*** Records supplied ***

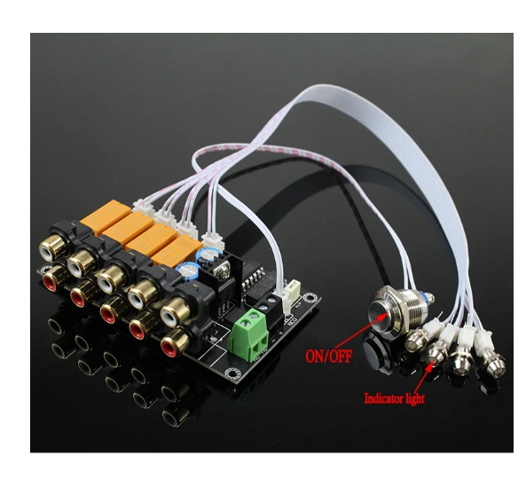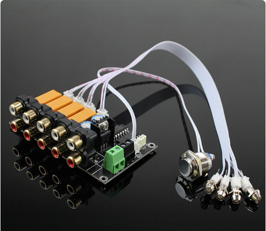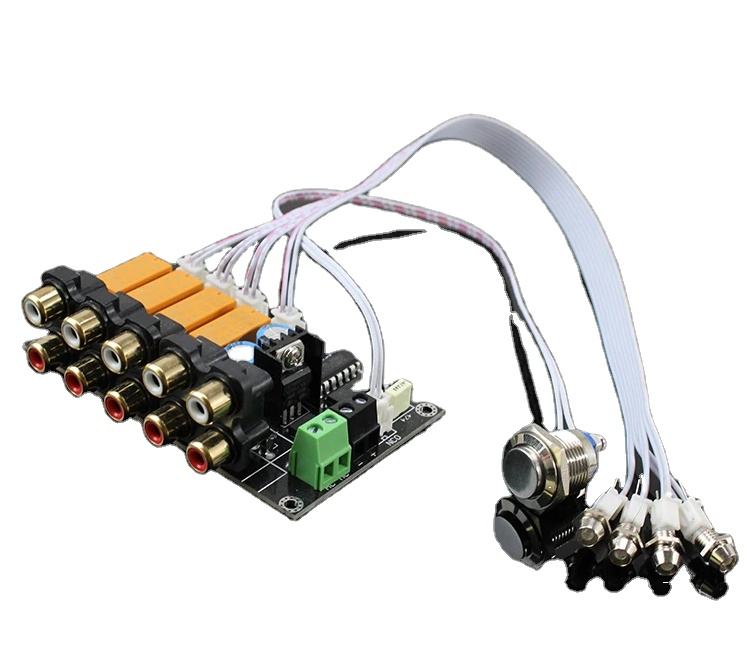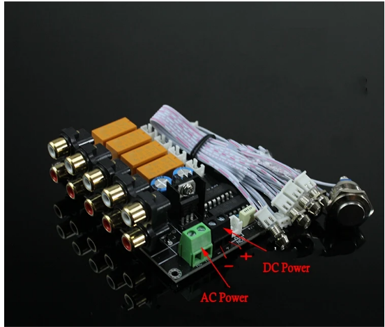 Selector de señal de entrada de Audio AC/DC, 4 entradas, 1 salida, placa de relé, placa amplificadora de conmutación de señal estéreo, RCA para altavoces
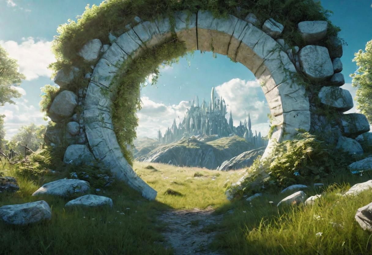 Hyperrealistic art fantasy temperate grassy meadow landscape, a glowing Runes covered (white stone) (magical:1.2) Circular gate (portal:1.3), a detailed matte painting by Mike Winkelmann, cgsociety, fantasy art, blue sky, Extremely high-resolution details, photographic, realism pushed to extreme, fine texture, incredibly lifelike
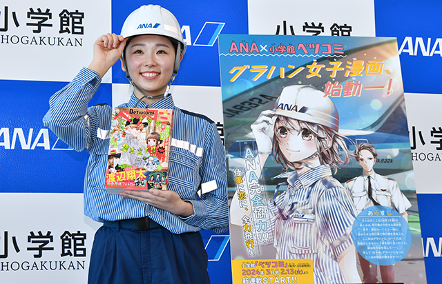 航空業界を舞台とした漫画が、2月13日から小学館の月刊誌『ベツコミ』で連載を開始した。主人公はグランドハンドリング(グラハン、地上支援)として働く女性で、全日本空輸(ANA/NH)を傘下に持つANAホールディングス(ANAHD、9202)が制作に全面協力した。連載開始を記念し、羽田空港でANAのグラハンスタッフらが会見した。
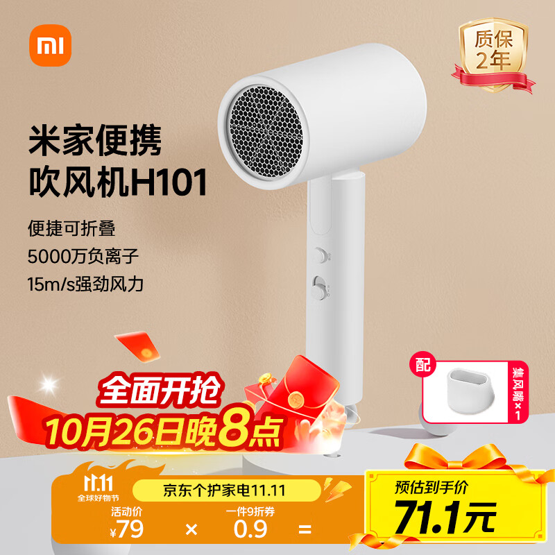 米家小米电吹风机 负离子便携可折叠大风力速干H101家用宿舍学生风筒 出行必备生日礼物推荐 白色
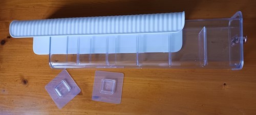 Iubiți ordinea perfectă în lucruri? Atunci acest organizator clar nu trebuie să vă lipsească. Are 6 compartimente pe care le puteți extinde liber, deoarece despărțitoarele dintre compartimente sunt detașabile. Datorită prinderii autoadezive, instalarea sa este ușoară și nu necesită găurire sau deteriorarea suprafeței.
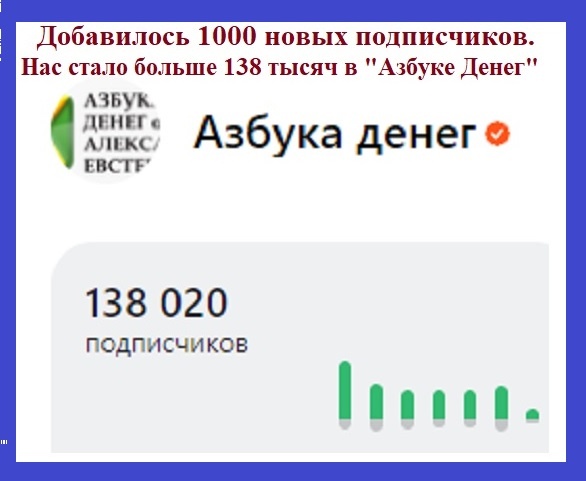 Дзен иногда бывает "добрым". Он щедро "налил" мне 1000 новых подписчиков. Не за один день, конечно же. Это произошло «размазано» за 1 месяц и 6 дней. То бишь за неполных 5 недель. Теперь на моем дзен-канале «Азбука Денег» 138 тысяч подписчиков. За 7 лет моего присутствия на этой контент-платформе. Даже не знаю, Как её сейчас правильно называть – эту онлайн-площадку? 1) Сначала она была Яндекс-Дзеном. Потом её отдали/обменяли VK-шникам (Mail ru). После чего объединили с VK-шным «Пульсом», путём его ликвидации. Что радует, ибо туда меня не пустили. Так «Пульсоведам» и надо – они пытались быть слишком «нишевыми», за что и поплатились. Вот что значит «неправильное позиционирование» на рынке – их попросту «сожрали» свои же. Внутрикорпоративный каннибализм? От всех этих перетрубаций платформу Дзен нещадно трясло и колбасило – в прямом и переносном смысле. Неоднократно менялись алгоритмы рекомендации контента Авторов, система монетизации (вознаграждения, начисляемого Авторам), руководство
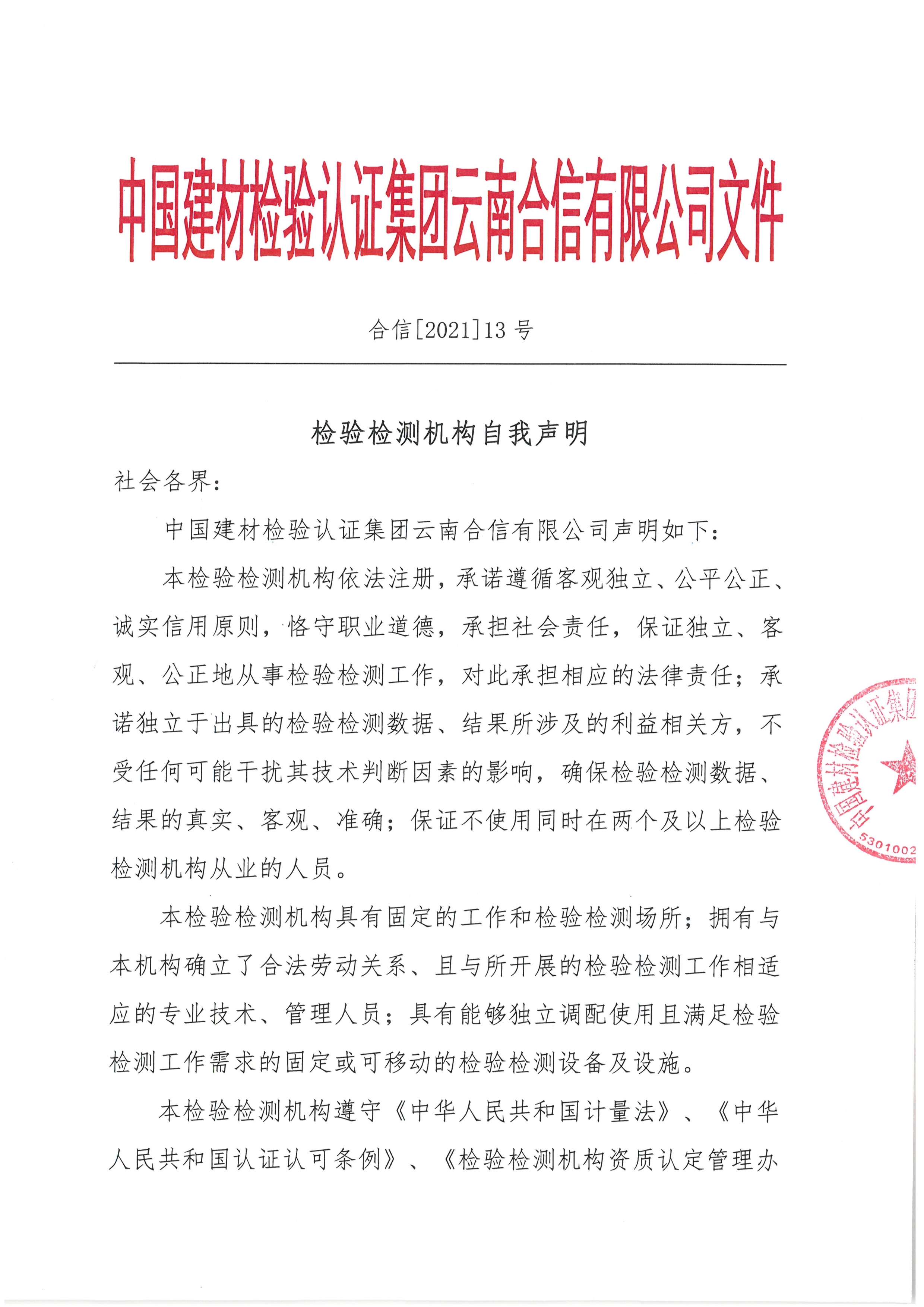 檢驗(yàn)檢測(cè)機(jī)構(gòu)自我聲明
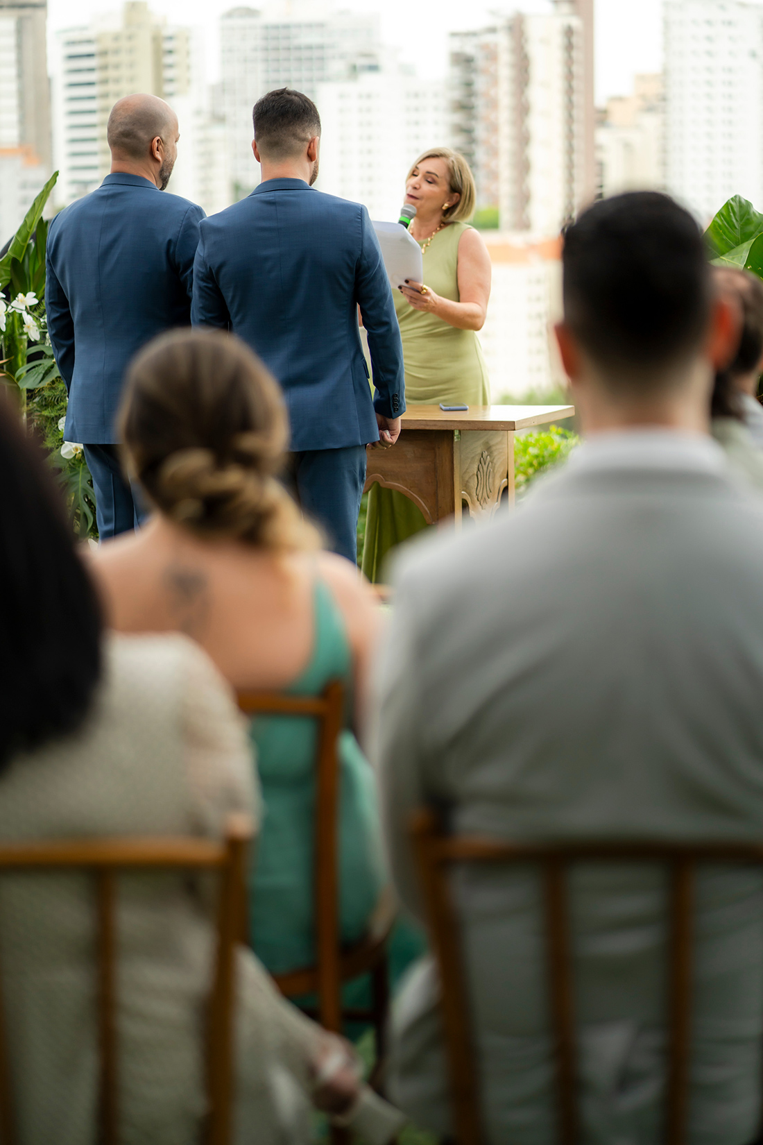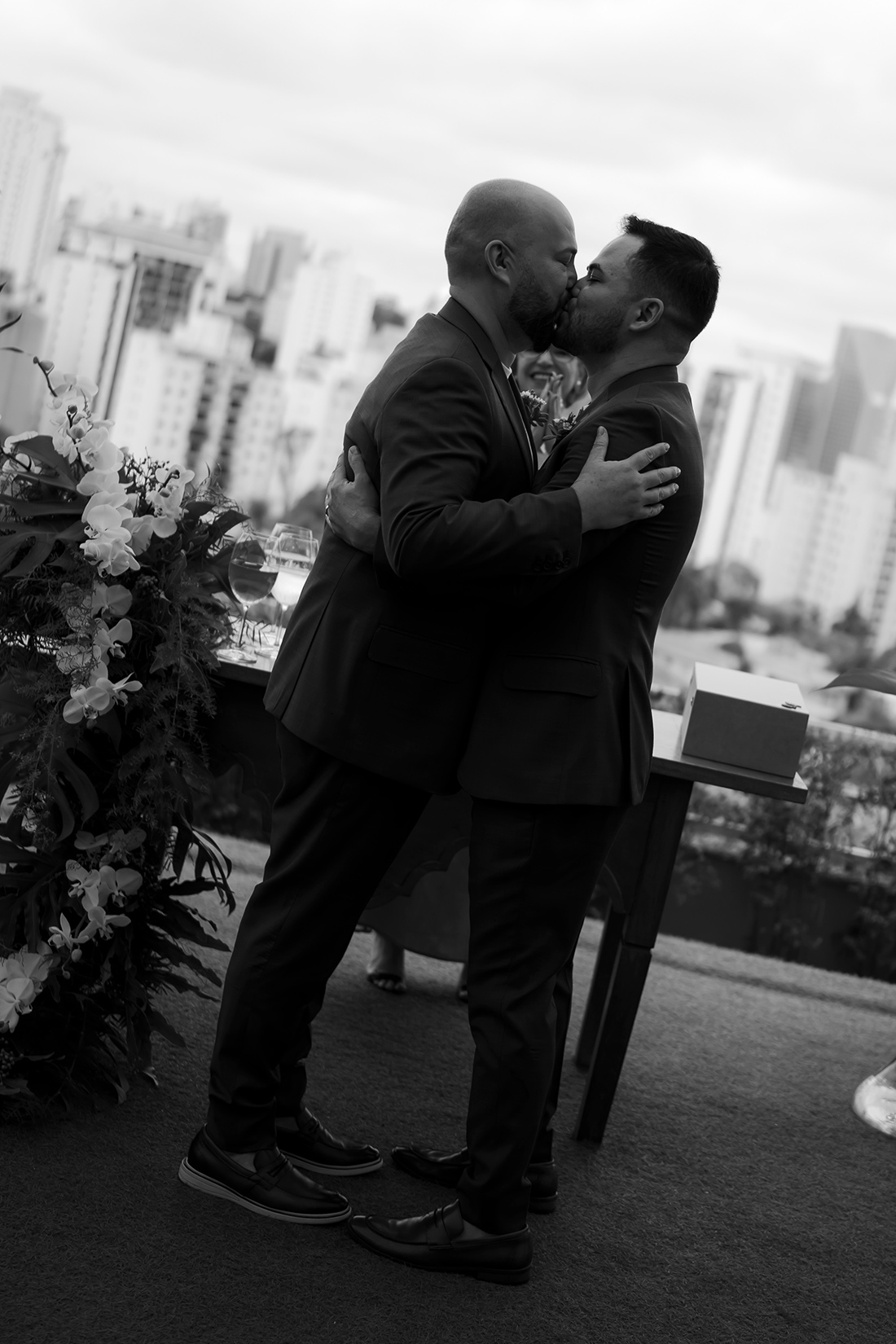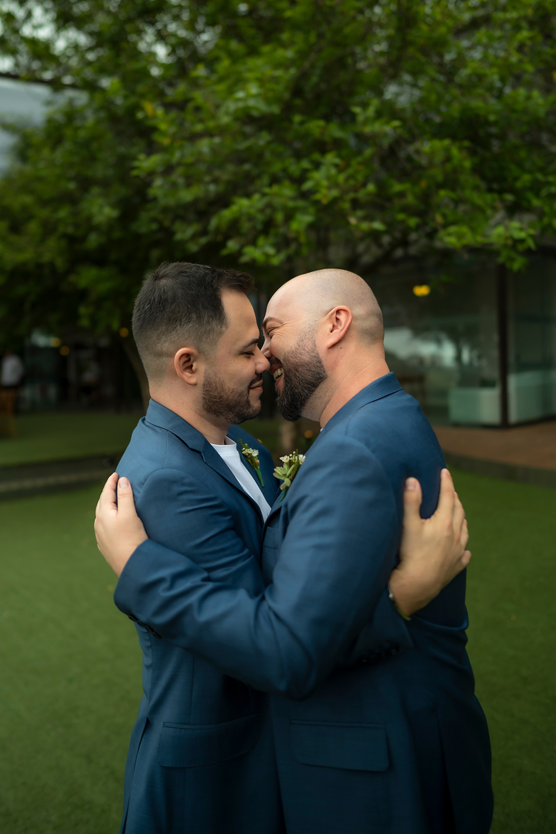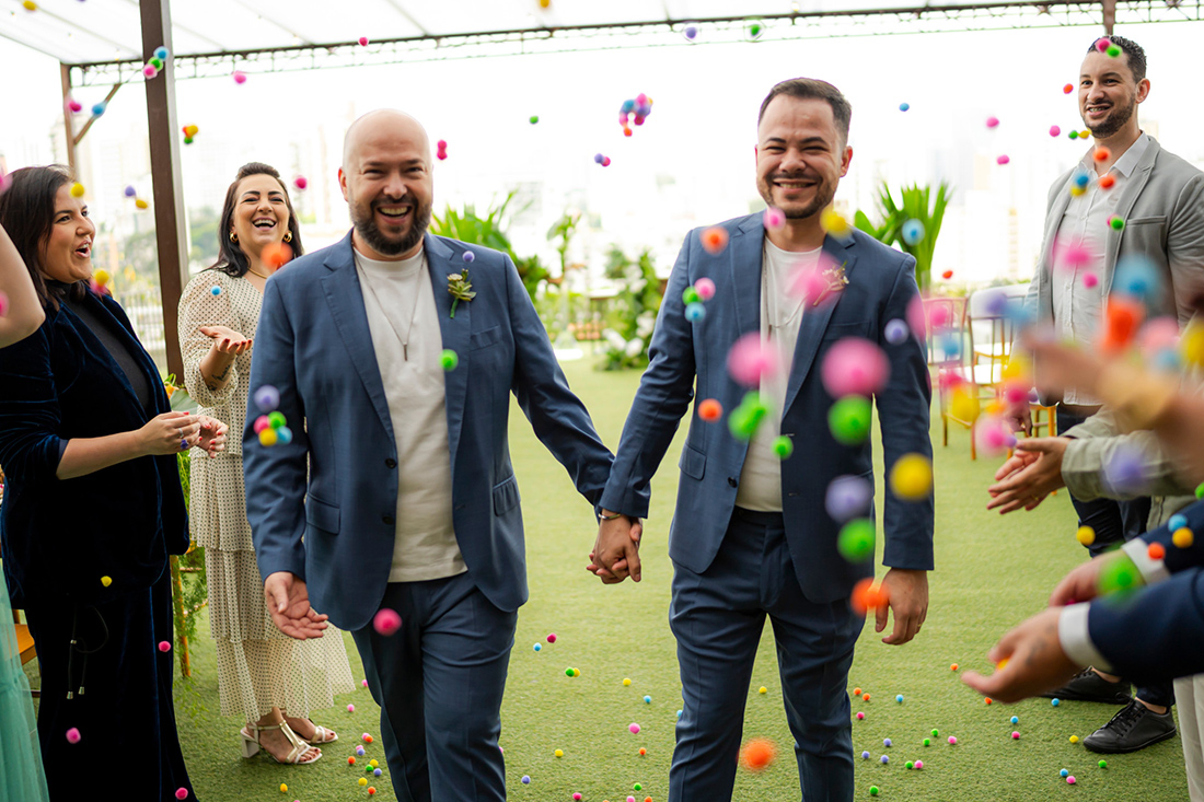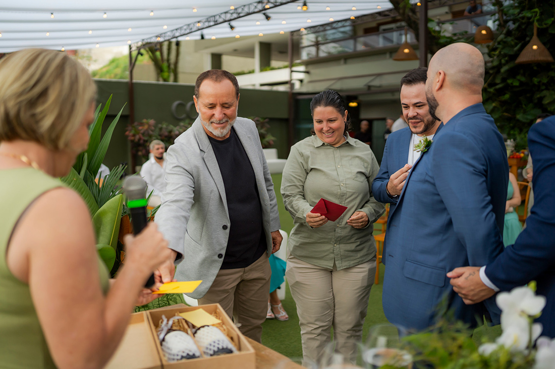 Ao final da cerimônia, não faltaram sorrisos, lágrimas e abraços. A experiência de anos organizando casamentos alheios fez com que Roberto e Felipe aproveitassem cada minuto do seu próprio dia.
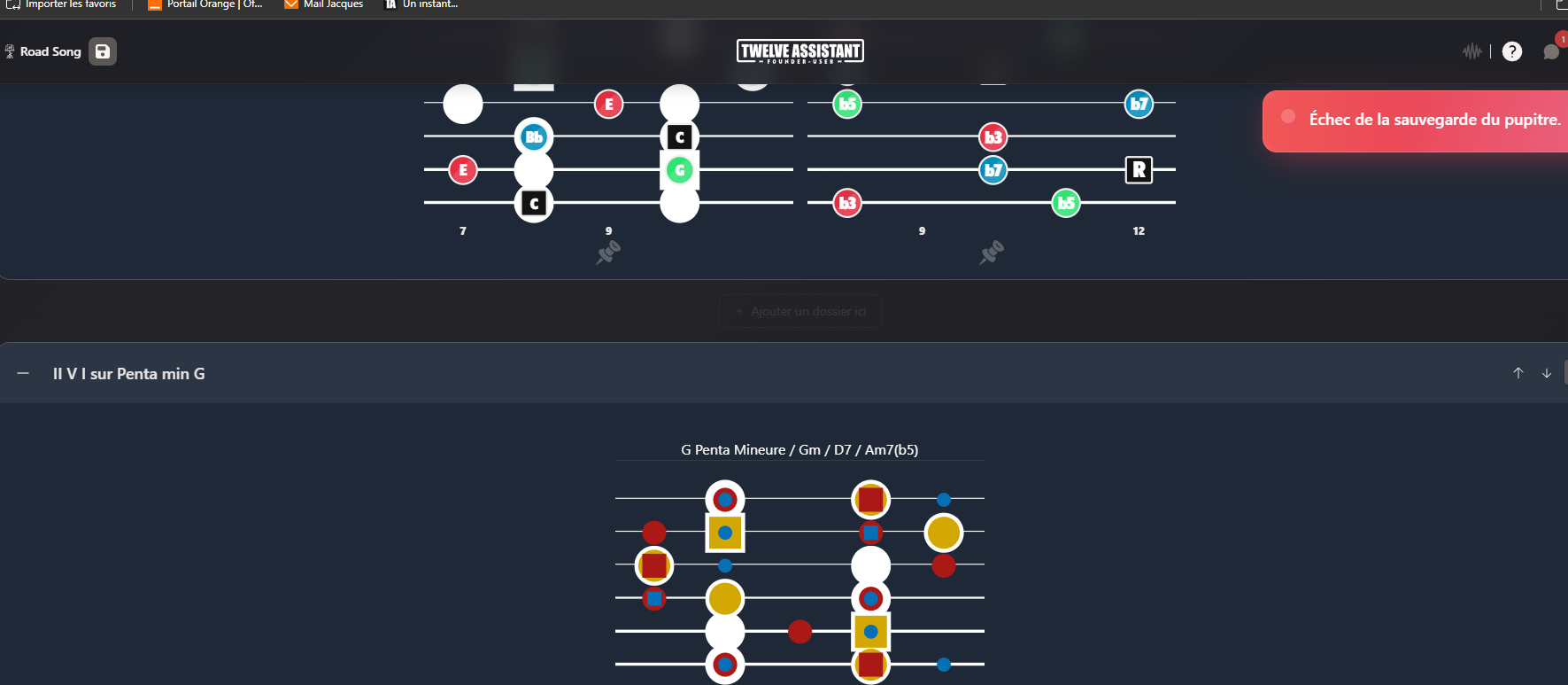D’abord j’épingle la zone puis Je fais effectivement le copier glisser pour passer de mes manches épinglés au dossier II V I sur penta min G .Mais quand je veux sauvegarder le pupitre j’ai ce voyant rouge d’Echec de sauvegarde
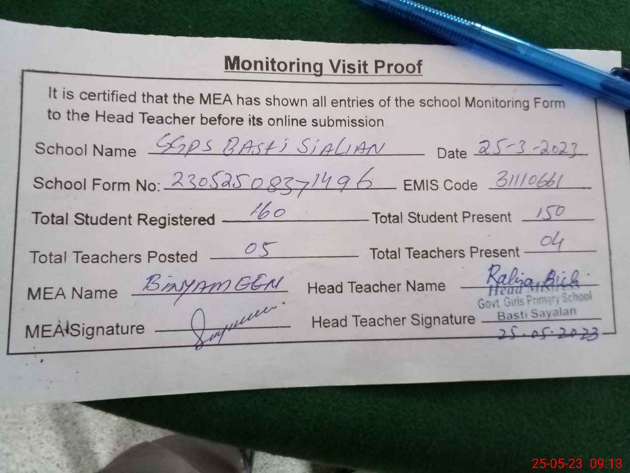 | Attendance Register | Head Teacher | MEA with School | Visit Proof |

***

Task item: A verbatim reproduction is expected: starting at the line above that has "Ao final da", ending at the line that has "D’abord j’épingle la", both included, and with no pictures and no other lines.

Answer box:
 Ao final da cerimônia, não faltaram sorrisos, lágrimas e abraços. A experiência de anos organizando casamentos alheios fez com que Roberto e Felipe aproveitassem cada minuto do seu próprio dia.
D’abord j’épingle la zone puis Je fais effectivement le copier glisser pour passer de mes manches épinglés au dossier II V I sur penta min G .Mais quand je veux sauvegarder le pupitre j’ai ce voyant rouge d’Echec de sauvegarde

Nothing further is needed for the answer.